RGZLegal Impaired Driving Defenses
There are many technicalities that exist in and around impaired driving charges. Very specific procedures must be followed by police officers before conducting a traffic stop and prior to making an arrest. These procedures are set out in the Criminal Code of Canada.
If these procedures are not followed, a testimony by a police officer stating that a driver was impaired will not be admitted as evidence in your impaired driving case. In addition, officers must establish that they have ‘reasonable grounds’ to charge someone. They must prove that they had substantial reason to believe that the driver’s ability to operate a vehicle was impaired by drugs or alcohol.

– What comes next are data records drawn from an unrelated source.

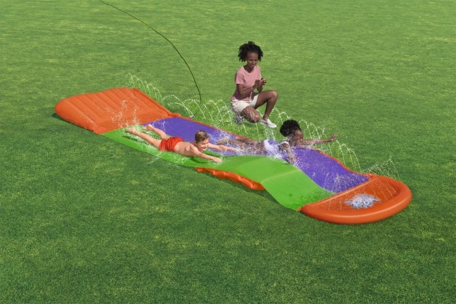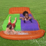 Lo scivolo SplashCoaster del marchio Bestway porta il divertimento all'aperto nel tuo giardino! Grazie allo scivolo a due corsie lungo 4,88 metri, è ideale per gare e divertimento di gruppo. Gli spruzzi d'acqua assicurano una scivolata fluida e veloce.
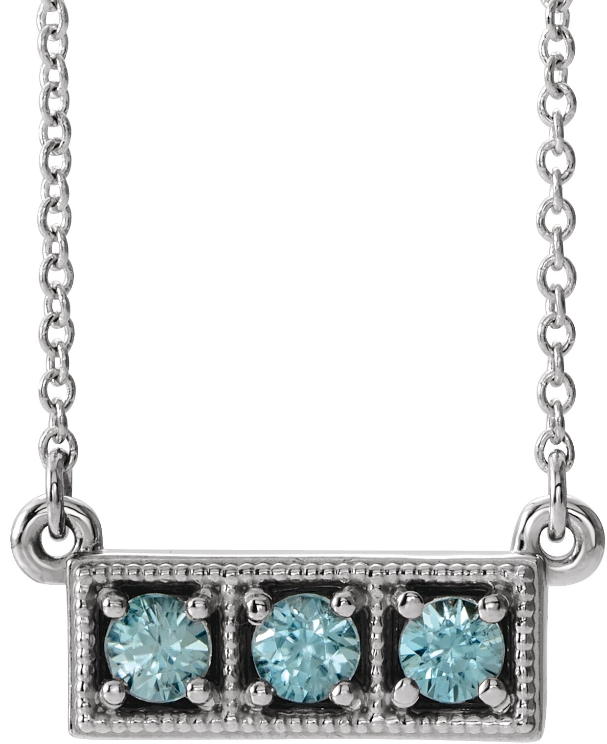 14K White Blue Zircon Three Stone Granulated Bar 16 18" Necklace Ref. 14204280
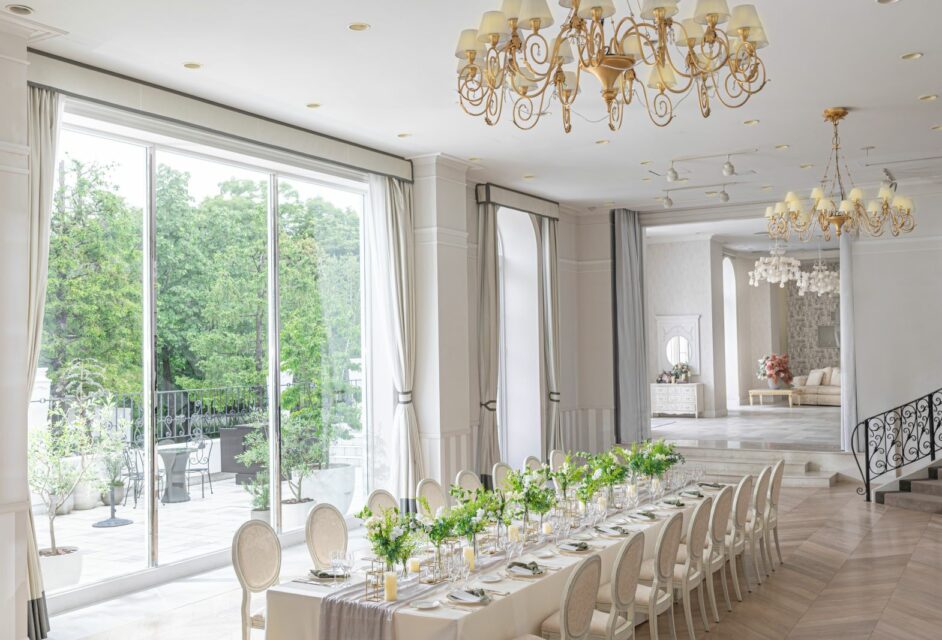 会場「ブローニュフォレスト邸」は貴族の館がモチーフ。すべてに格調の高さが感じられる優美な邸宅で心温まる会食を。
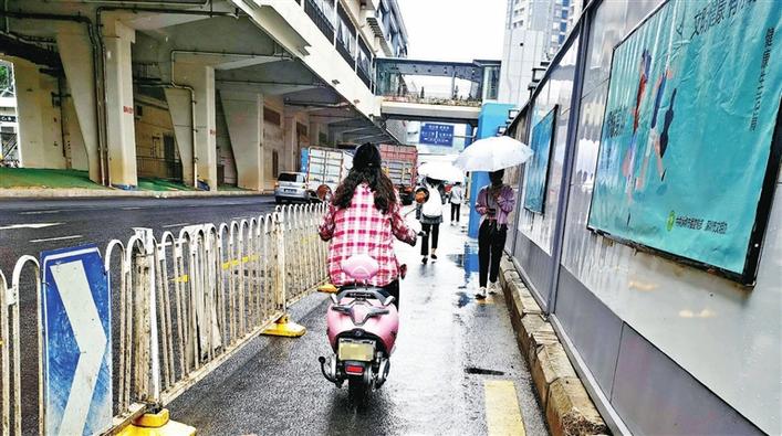 松岗街道沿河路有市民骑着加装了雨棚的电动二轮车拉客。
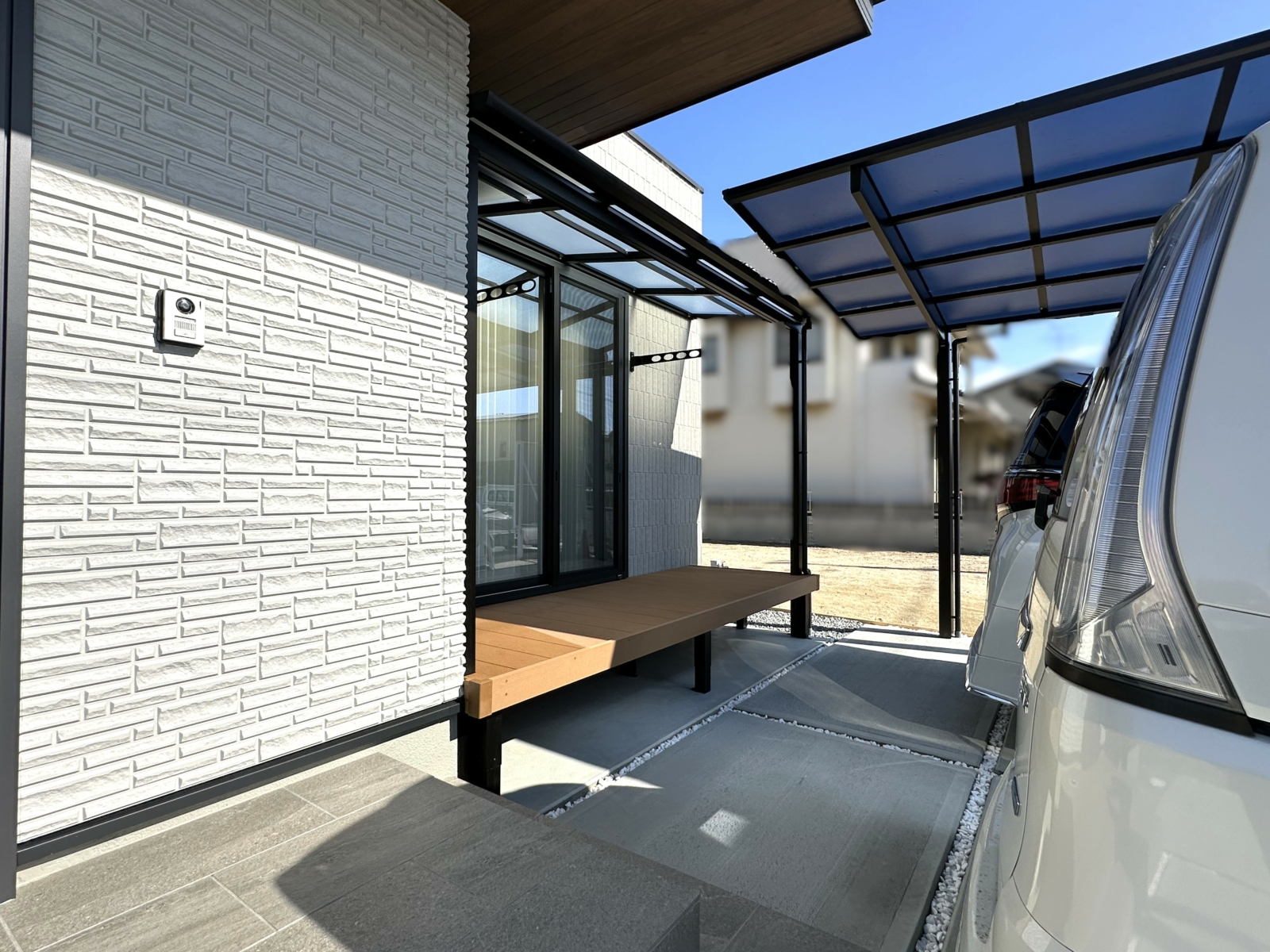 奥行延長したカーポートによって、雨の日でも快適にトランクを使用できる設計にしました。
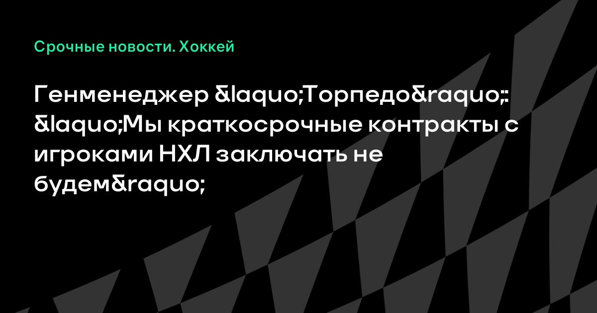 Генменеджер «Торпедо»: «Мы краткосрочные контракты с игроками НХЛ заключать не будем»
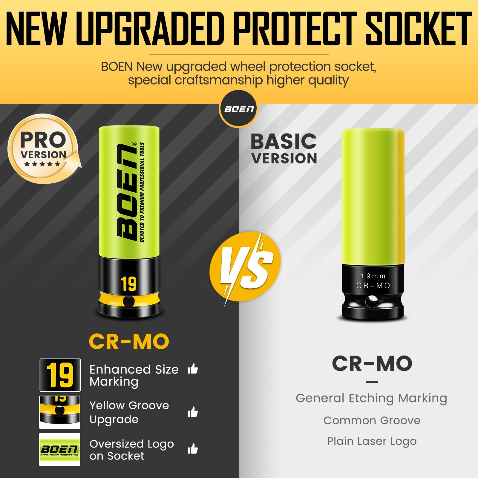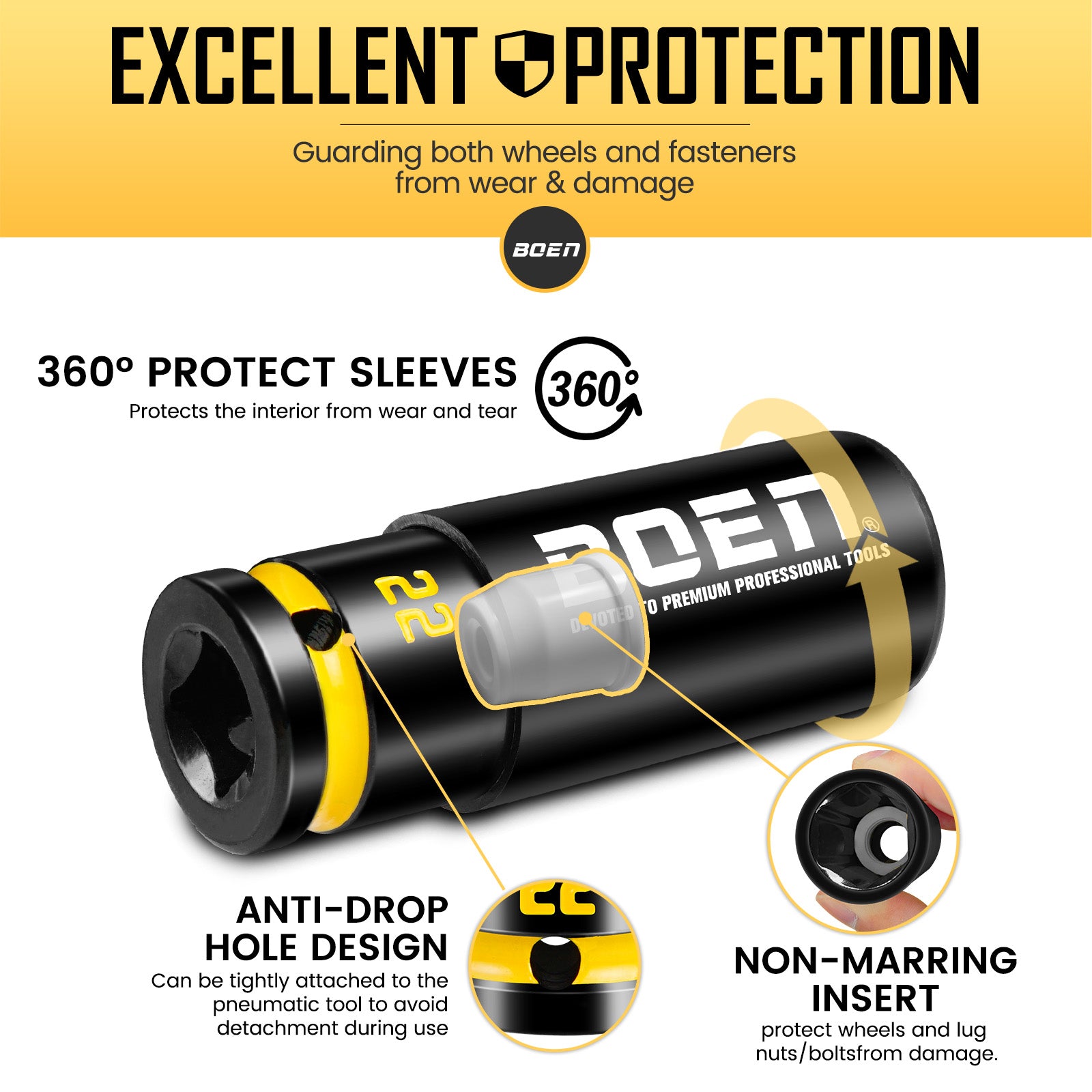 BOEN 1/2" Drive Impact Lug Nut Socket Set, 4 Pieces Non-Marring Thin Wall Wheel Protector Nut Socket, Metric (17, 19, 21, 22) mm, Color-Coded and Embossed and Painted Marking, CR-MO Steel
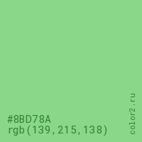 Цвет #8BD78A в цветовой модели RGB обозначается тремя октетами (139, 215, 138) в десятичном формате и #8BD78A в шестнадцатиричном (hex) формате, которые являются интенсивностью красного 139 (hex 8B), интенсивность зелёного 215 (hex D7) и интенсивность синего 138 (hex 8A).
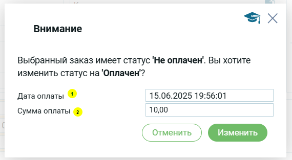 Если для изменнеия статуса оплаты выбран один заказ, то появляется модальное окно с двумя полями:
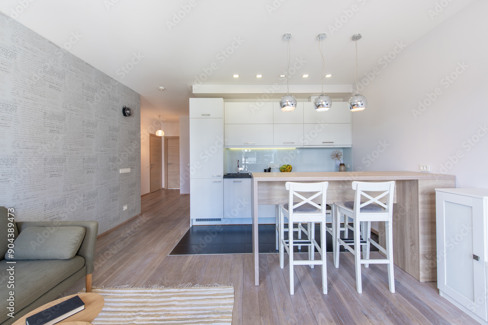 Modern Home Living Room and Kitchen Interior. Luxurious Stylish Modern Apartment. Open Interior, Stylish Sofa, White Furniture, Scandinavian Design
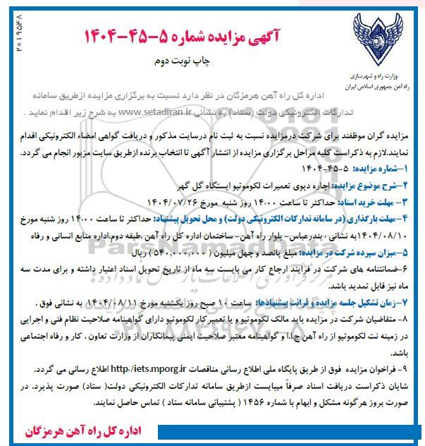 آگهی مزایده شماره 5-45-1404 نوبت دوم
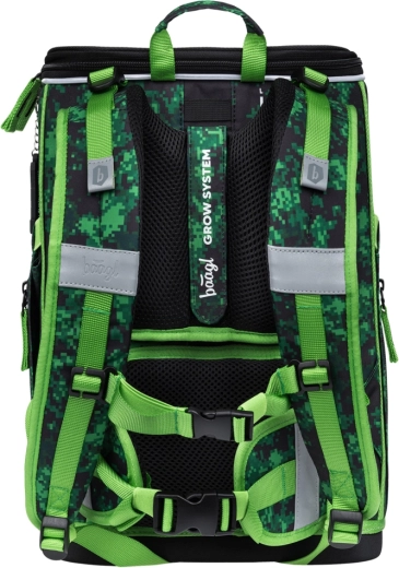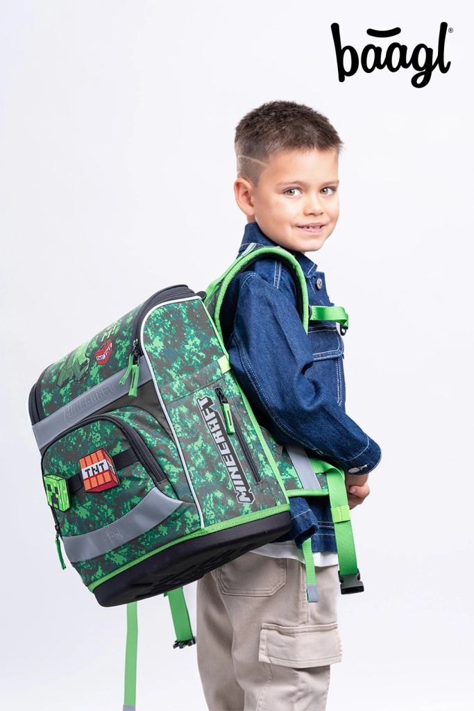 Aktovka Baagl Zippy Plus s motivom MINECRAFT Boom idealan je izbor za djecu od 1. razreda. Zahvaljujući čvrstom, ojačanom tijelu odlično drži oblik i samostalno stoji, što olakšava spremanje bilježnica i udžbenika. Pomični leđni sustav omogućuje podešavanje aktovke na tri različite veličine, pa raste zajedno s djetetom. Potpuno podesive naramenice i odvojivi lumbalni pojas osiguravaju udobno i zdravo nošenje tijekom cijelog dana.
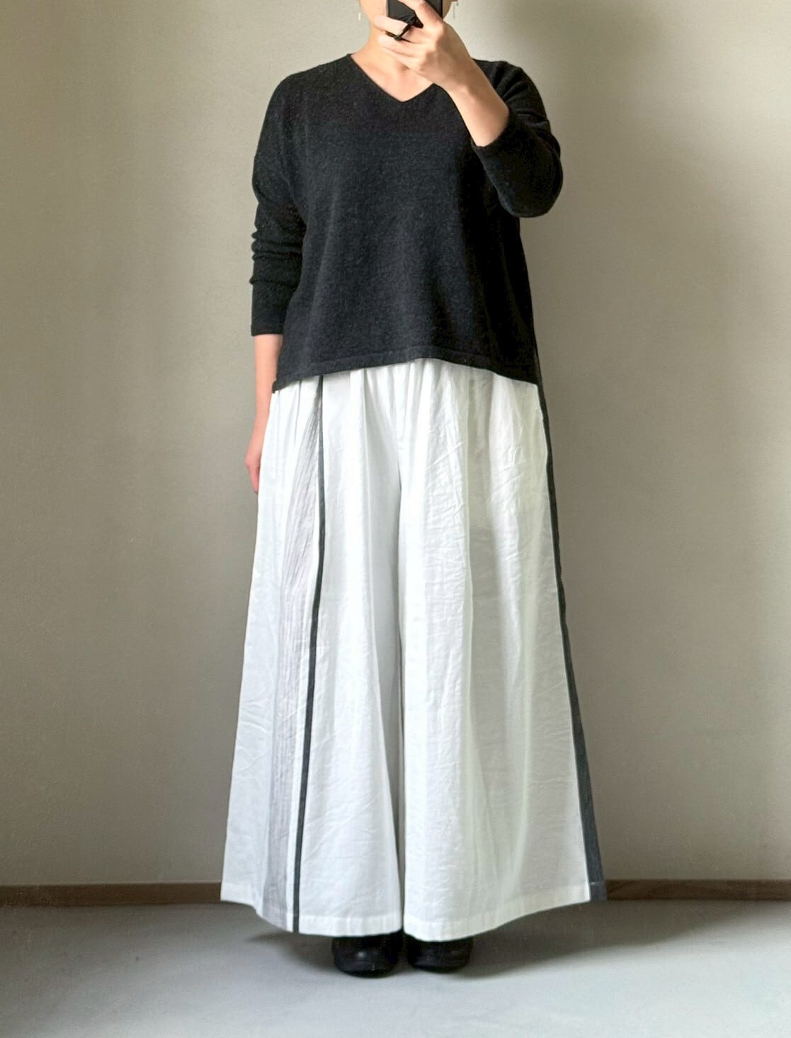 1) ワイドパンツ ロング ポケット コットン WH/GY● 玉木新雌 tamaki niime
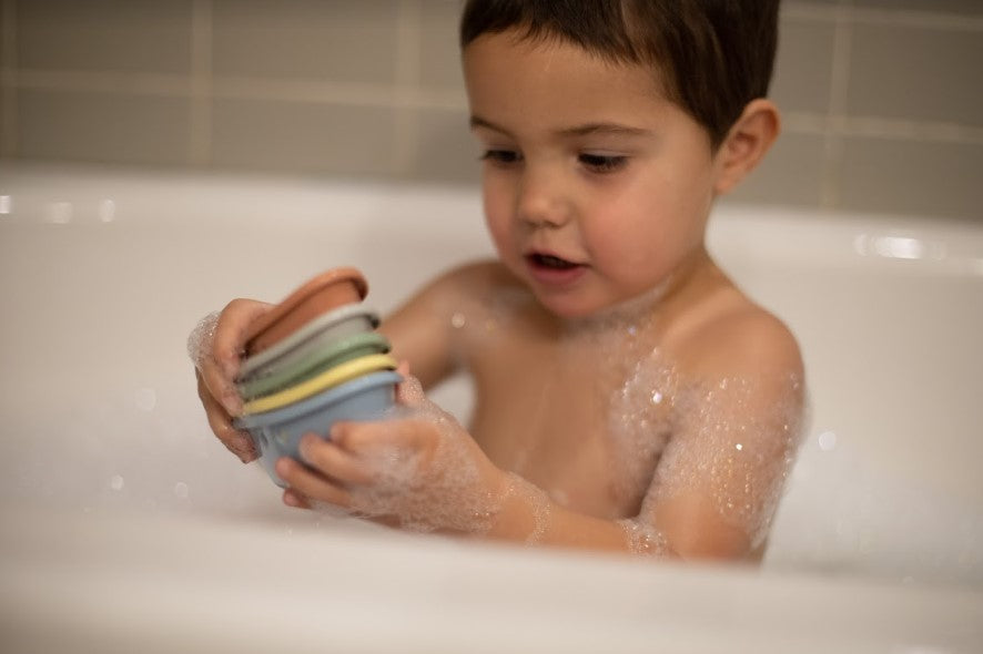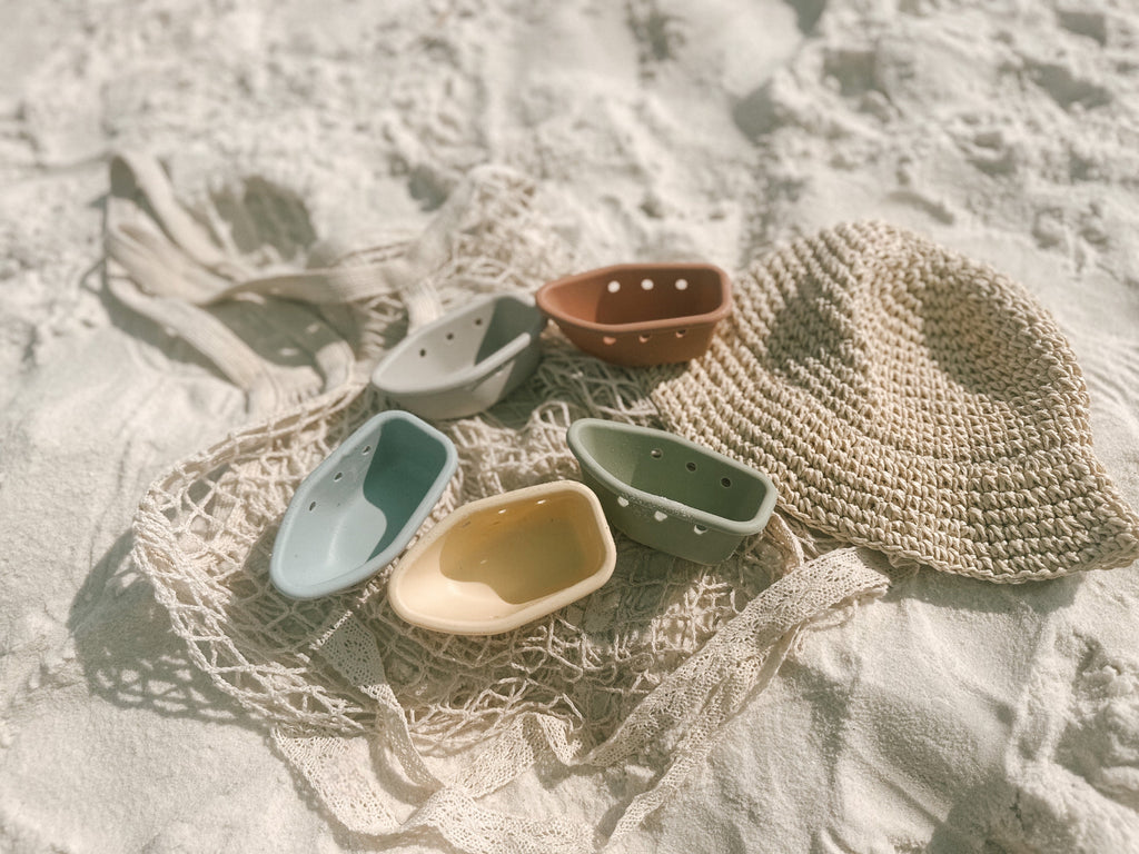 Float, scoop, and sift with the noüka Silicone Stacking Boats during bath time and water play. Five floating boats feature holes at the top for scooping and sifting water or sand. Easily stackable for storage and encourages fine motor skill development. Made from soft and flexible food-grade silicone, our floating boats are easy to clean, durable, and long-lasting. These Silicone Stacking Boats are available in an array of calming, modern colors for your little one.

Police officers must be able to identify multiple factors upon which their suspicions of impaired driving are founded. If they are unable to do so, there may be a defense to the charge.
Here are a few of the most common defenses used in impaired driving cases:
Reasonable and Probable Grounds
In an impaired driving case, police must cite a specific reason to make a routine traffic stop and question an individual about their drinking habits. This reason is commonly known as establishing “reasonable and probable grounds”.
If an office does not establish “reasonable and probable grounds,” the evidence provided in support of an impaired driving case will not be accepted.
Rights to Counsel
In any potential criminal case, police are responsible for informing you of your right to speak to a lawyer. By law, officers must make you aware of this right before they begin interrogating you.
As an individual, you should be aware that you have the right to counsel, that police are required to notify you of this right promptly, and that you should be given an opportunity to speak with the lawyer of your choice in private.
You should speak to your lawyer about the last time that you consumed an alcoholic beverage.
In some cases, if your last drink was actually consumed after you drove, being impaired while you were arrested may not necessarily mean that you were driving while impaired.
The Crown Can’t Prove Impaired
As in most criminal cases, The Crown must prove, beyond a reasonable doubt, that an offense has been committed. The officers involved in your case must be able to testify as to the existence of many observed signs of impairment.
Without the establishment of proof, beyond a reasonable doubt, that either alcohol or drugs impaired your ability to operate a vehicle, the judge will be unable to convict you.
Individuals should be aware that they have a right to a trial within a reasonable time limit. If your trial is delayed more than ten months from the date that you were charged, the Crown and Court are responsible. Excluding the time needed to prepare your case, this may create an adequate defense to your charge.